3 Object Storage Technologies


3.1 Amazon Simple Storage Service (S3)
• Highly reliable, available, scalable, fast cloud storage that supports storage and retrieval of large
amounts of data using simple web services
• Interaction with S3 is done via the GUI (Amazon Console), the TUI (Amazon CLI) or language
specific abstractions. A RESTful API is provided for basic HTTP operations
• Files are called objects. The key of an object is its identification (directory path + object name).
All objects are stored in buckets.
• S3 objects are replicated across multiple global zones. Versioning enables further recovery from
modification and deletion by accident.
• Security is maintained in S3 using:

– Access Control Lists: Set permissions to allow other users to access an object
– Audit Logs: Once enabled, stores the access log for an bucket. This enables one to identify
the AWS account, IP Address, time of access and operations performed by the one who
accessed.
• Data Security is maintained in S3 using:

– Replication: across multiple devices, allows for upto 2 replica failures (cheaper option is
Reduced Redundancy Storage which survives only 1 replica failure), but consistency across
replicas is not guaranteed.
– Versioning: If enabled, S3 stores the full history of each object. It allows for changes to be
undone, including file deletions.
– Regions: select location of S3 bucket for performance/legal reasons.
• S3 allows for large objects to be uploaded in parts. These parts can be uploaded in parallel for
maximum network utilization

3.2 DynamoDB - NoSQL Service


• Cloud-based NoSQL database that is available with AWS. Consists of tables created and defined
in advance (with some dynamic elements)
• Overall is schemaless.

• Supports only item-level consistency (similar to row-level consistency in RDBMS). If cross-item


consistency is needed then don’t use DynamoDB
• Joins are implemented only at the applicaiton side. DynamoDB does not support joins between
tables.

5
• Table is collection of items, item is collection of attribute-value pairs. Primary key identifies items
uniquely in a table.
• A partition is an allocation of storage for a table, backed by SSDs and automatically replicated
across multiple Availability Zones within an AWS Region.

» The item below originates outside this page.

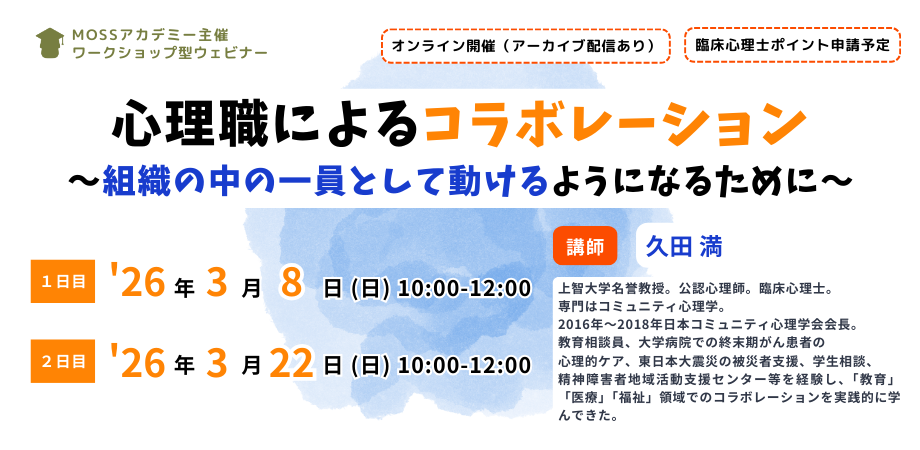| 資格ポイント | 臨床心理士更新ポイント2条(4)項目(2ポイント)申請予定 |

• Types of primary keys in DynamoDB:


– Partition Key: The value of the partition key attribute is passed into a hash function to
determine the physical partition on which that item will be stored
– Partition + Sort Keys: All items with the same partition key hash value are stored together
in sorted order by sort key value.
• Users can also create secondary keys in addition to primary keys for alternate queries.

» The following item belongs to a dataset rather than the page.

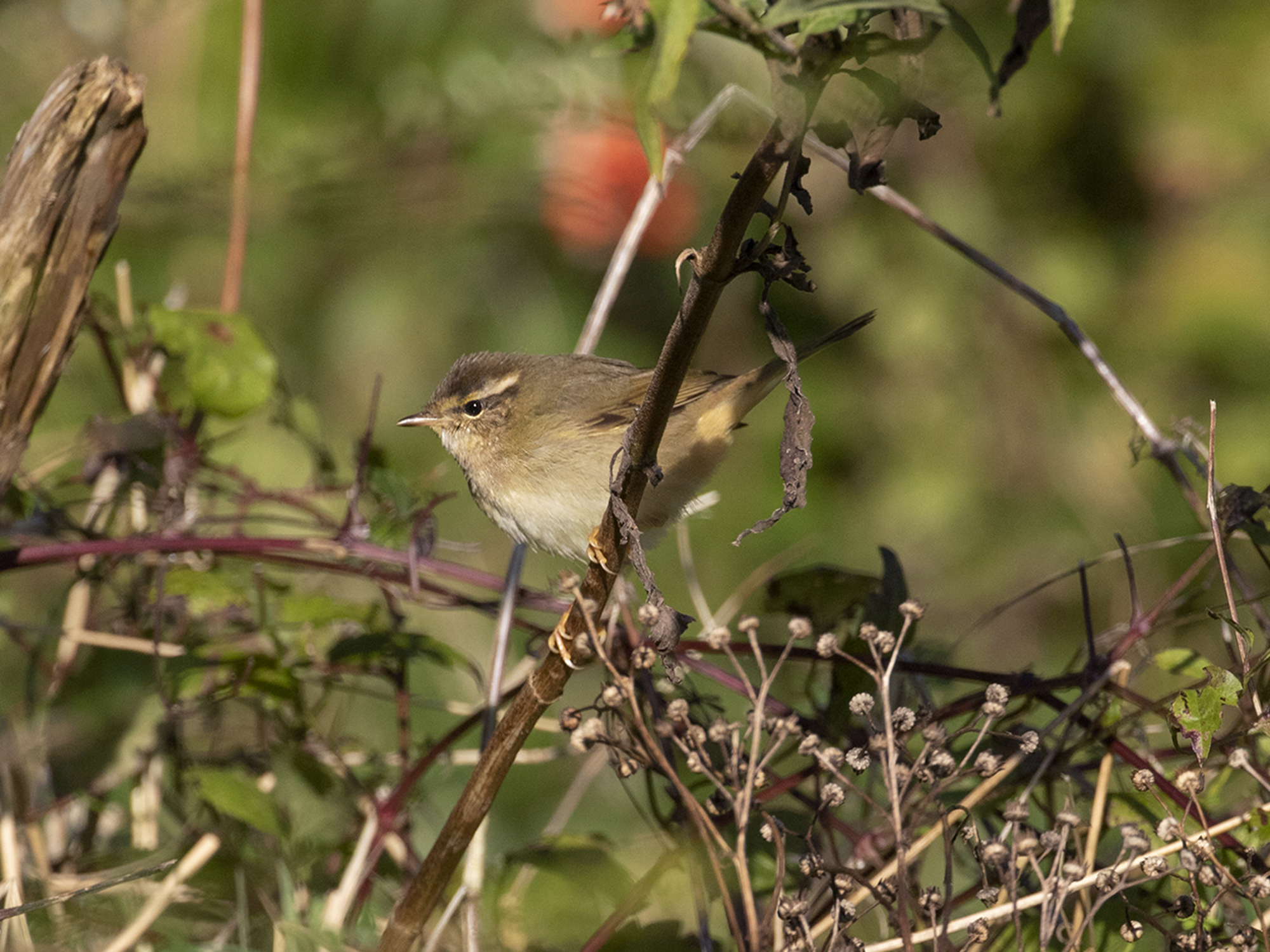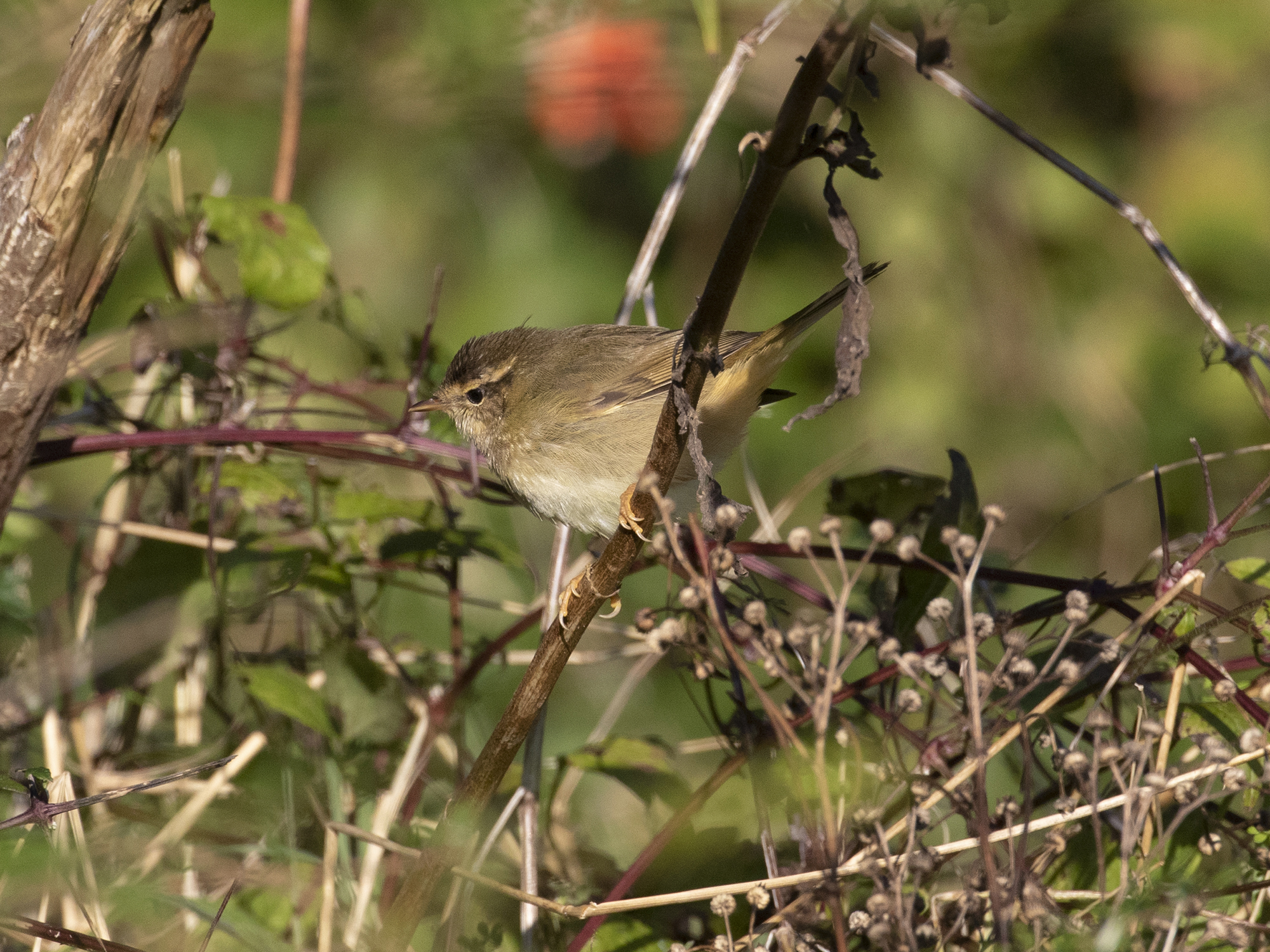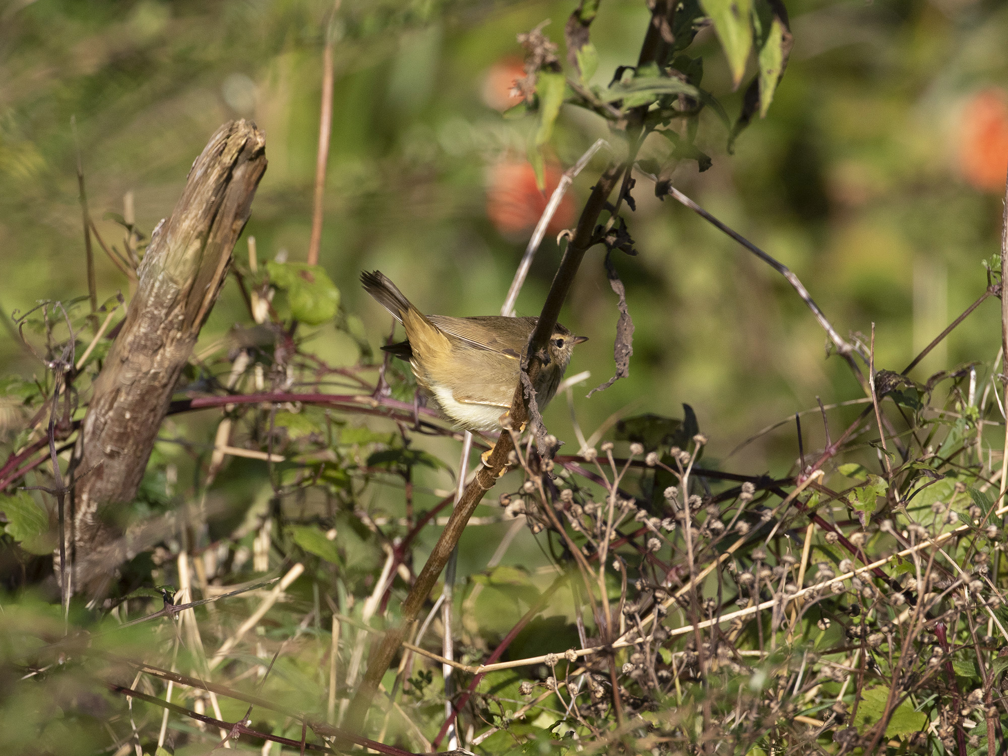 The sunny side of the valley seemed quite birdy, and a spot I rarely check held 3 Chiffchaff feeding near a small pond when suddenly movement low down caught my attention. I could see heavily obscured bits and pieces of a darkish looking phyllosc that looked to have warm grey yellow underparts and was that some apricot tones towards the vent?! a strong ‘eastern looking’ supercillium, I saw some wing flicking. then it was gone… Wobbly legs followed but then I heard it call, (a bird I’ve readied myself for finding many times before and confirming my suspicions from the brief views I’d had) A Raddes Warbler!! about 5 minutes passed before it came out into the sunshine and fed low down in the base of some willow herb; A Lovely bird.

3.3 Amazon Relational DB Service (RDS)


• Provides an abstraction of an RDBMS. Offers all majorly used RDBMS such as Amazon Aurora,
PostgreSQL, MySQL, Oracle, MS SQL Server
• AWS performs all admin tasks related to maintenance, as well as periodic backups of the DB state
and the ability to take snapshots.

• RDS provides encryption at rest and in transit, as well as APIs for applications.

4 Partitioning
• Breaking down large DBs into smaller units that are stored on different machines. Each row belongs
to exactly one partition
• Supports operations that touch mulitple partitions at the same time.
• Motivation is scalability in terms of load balancing and query throughput, as well as fault tolerance
(when combined with replication)

• Small queries can be independently processed by one partition. Large queries can be parallelized
between multiple partitions.
• When some partitions have more data than others, they are said to be skewed. A partition with
disproportionately high load is called a hot spot

4.1 Partitioning Strategies


4.1.1 Randomized Partitioning
• Distribute the data quite evenly across the nodes

• Disadvantage: When trying to read a particular item, no way of knowing which node it is on, so
all nodes need to be queried in parallel.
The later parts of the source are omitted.